Lockdown rules in the UK and Europe have been relaxing in recent weeks and many investment professionals are looking at how their future working lives may look like. Following on from our popular Working from Home series, we ask female members of the ESG community about lockdown habits, the prospect of returning to the office environment and adapted attitudes towards remote working
In this article, speak to Alice Farrer, portfolio manager at Sanlam.
How has the coronavirus affected your day-to-day work – from both a portfolio and workplace perspective?
My day-to-day work has continued and still involves the same key elements of portfolio management and client relationships management. However, my work ‘place’ totally changed overnight from being in a busy office of six in Chichester to working alone in our spare room at home. Although the physical shift of moving to work from home was a big one, I found that as a team we found new ways of keeping in touch and keeping that collaboration going while being physically separate. New online communication methods such as Microsoft Teams and Zoom, and the traditional telephone, have been key to us all staying in touch very regularly.
I continue to communicate with clients as I did in the past although there have been more calls about coronavirus and the impact it has had on the stock market, and therefore on their portfolios. We have not been able to have face-to-face client meetings so that has made things harder for clients, especially new clients, and where I would typically have arranged a face-to-face meeting I have either spoken with them on the phone or over Zoom/Teams with the promise of a meeting when things start to return to normal.
I continue to oversee portfolios and as Covid-19 impacted our working environment it also impacted investments and so there was a period of time when we were adjusting portfolios in response to the changing circumstances. The global panic in markets brought up some good investment opportunities and we increased our daily Zoom calls with our investment team to daily (from three times a week) to maintain communication channels and to be able to discuss the rapidly changing environment.
What have you enjoyed and disliked about remote working?

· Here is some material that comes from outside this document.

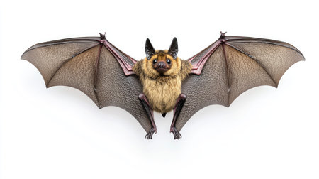 A small bat with large ears and eyes posing on a white backdrop, detailed texture of fur and wings visible

I explored the idea of working remotely with my head of office towards the end of 2019, as for my family it gave me more flexibility to balance everything. He was tentatively in agreement to me starting to work from home once every few weeks as a starting point. This obviously increased significantly and for me working from home is amazing. I enjoy the greater flexibility it offers – not having to travel 40 mins to the office and back every day allows me more time with my young children, and it is better for the environment (which is particularly appealing as I spend a lot of my time talking about ethical investments), and my purse. It makes me feel a better mother, a better citizen. I also find it easier to concentrate working in the quiet of home as opposed to a bustling office where there are many distractions.

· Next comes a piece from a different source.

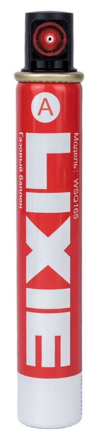 Газовый баллон LIXIE красный клапан А WSQ165A для монтажных пистолетов LIXIE. Основной топливный элемент для газовых гвоздезабивных инструментов. Позволяет забить от 1000 до 1400 гвоздей с одного баллона. Специальная смесь сжиженного газа и лубрикантов позволяет продолжительно использовать инструмент без смазки основных узлов.

As everything changed very quickly, I am still to work out my working from home desk set-up and unfortunately don’t have an office I can use. I find this hard and the lack of stationery, a printer etc would be my dislikes.

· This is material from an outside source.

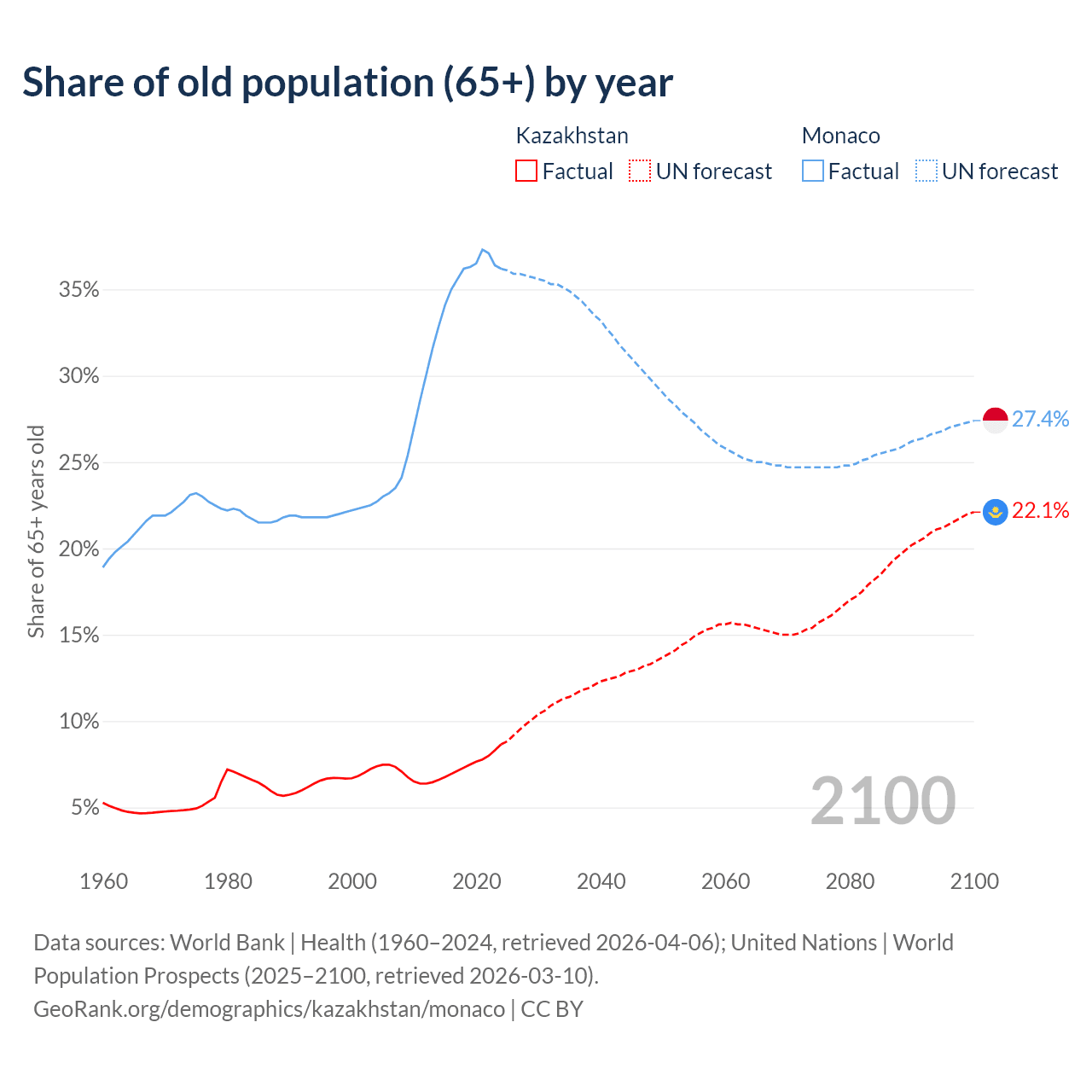 Median age Kazakhstan vs Monaco, 1960-2100

Are you making plans to return to work in the office? Or are you planning to work remotely permanently?
At the moment I am starting to go into the office a little more – perhaps once every two weeks – which I like. The change in environment is healthy. At the moment, I think this will continue – so nine days at home and one in the office with us reviewing things as a team in September. I hope to be able to continue to work from home as much as possible.
How have you found returning to the office?
I have enjoyed going back to the office and enjoyed popping into Chichester city at lunchtime. The first time back in felt a little strange, but only that once. I am now used to it and we have masks, hand wash etc if we feel we need it.
Have you thought about changing how you commute?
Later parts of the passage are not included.